Task brief:
Quote word for word the lines below, beginning with the first and ending with the one that has "The interior features". Drop the pictures.

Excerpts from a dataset
--- START ---
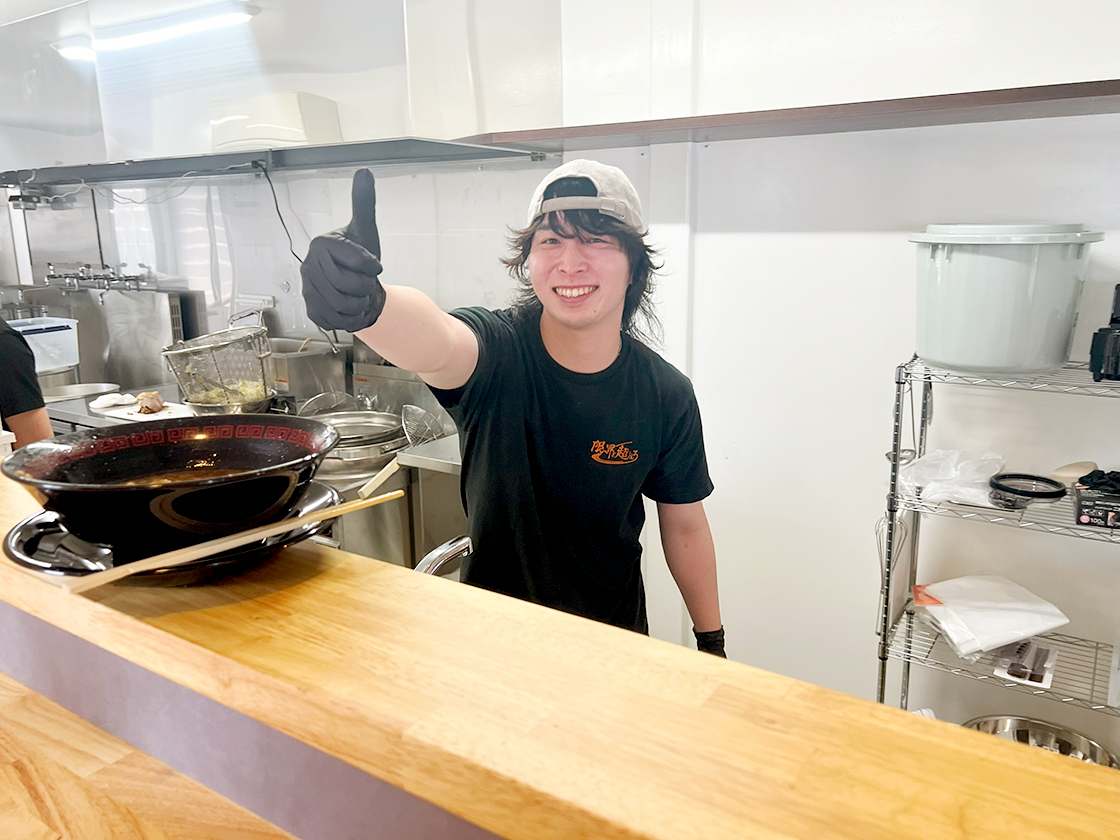 ラーメンが提供されるときは「いってらっしゃい!」、完食したら「グッジョブ!」の元気な掛け声が店内に響き渡りますよ♪
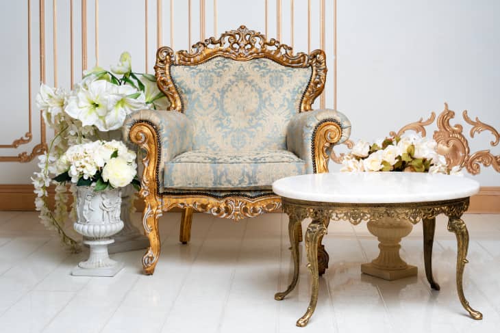 On colors, Gill added that you should choose “deep rich tones such as purples, blues, and reds” or “muted pastel tones such as pinks, whites and light blues and greens” paired with a metallic to add some luxe into the look. Gill explained that the Palace of Versailles is the perfect example of the style.
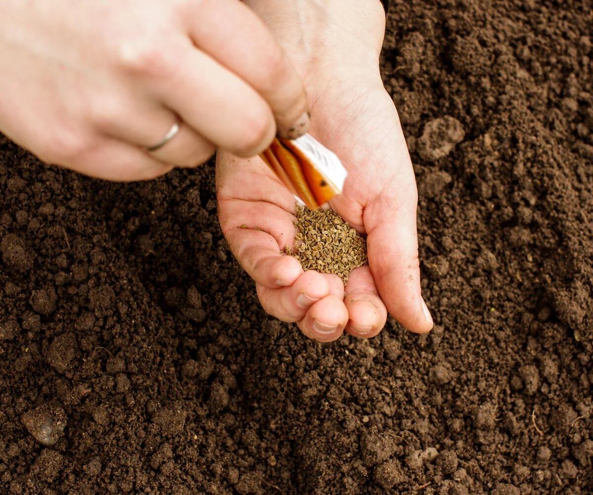 Во время посадки рекомендуется сеять сухие семена, и глубина заделки зависит от выбранной культуры. Для моркови это 2 см, а для лука можно увеличить до 4 см. Чтобы избежать корки, которая мешает прорастанию, можно засеять семена слоем торфа или перегноя.
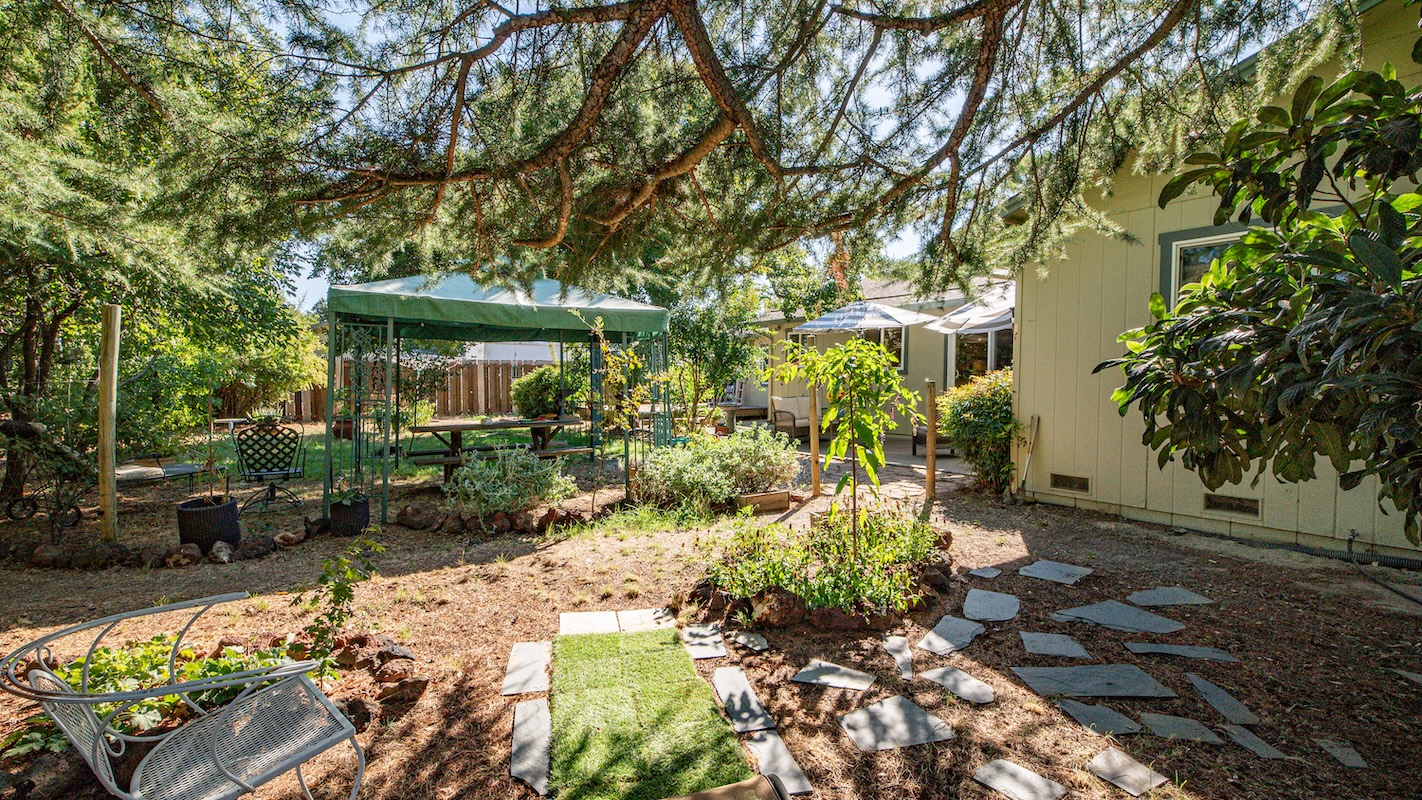 The interior features custom elements: granite kitchen counters, custom cabinetry, bamboo flooring throughout, a cozy wood-burning fireplace in the family room, and a jetted tub plus elegant vanity tops in the hall bath. The primary bedroom opens directly to the shady backyard, which includes raised beds, pollinator-friendly gardens, and meandering walkways among mature rose gardens and walnut orchard scenery.
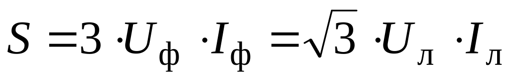 Полная мощность для каждой фазы определяется из треугольника мощностей, также как и для цепей однофазного тока.
--- END ---
Answer to this problem:
 ラーメンが提供されるときは「いってらっしゃい!」、完食したら「グッジョブ!」の元気な掛け声が店内に響き渡りますよ♪
 On colors, Gill added that you should choose “deep rich tones such as purples, blues, and reds” or “muted pastel tones such as pinks, whites and light blues and greens” paired with a metallic to add some luxe into the look. Gill explained that the Palace of Versailles is the perfect example of the style.
 Во время посадки рекомендуется сеять сухие семена, и глубина заделки зависит от выбранной культуры. Для моркови это 2 см, а для лука можно увеличить до 4 см. Чтобы избежать корки, которая мешает прорастанию, можно засеять семена слоем торфа или перегноя.
 The interior features custom elements: granite kitchen counters, custom cabinetry, bamboo flooring throughout, a cozy wood-burning fireplace in the family room, and a jetted tub plus elegant vanity tops in the hall bath. The primary bedroom opens directly to the shady backyard, which includes raised beds, pollinator-friendly gardens, and meandering walkways among mature rose gardens and walnut orchard scenery.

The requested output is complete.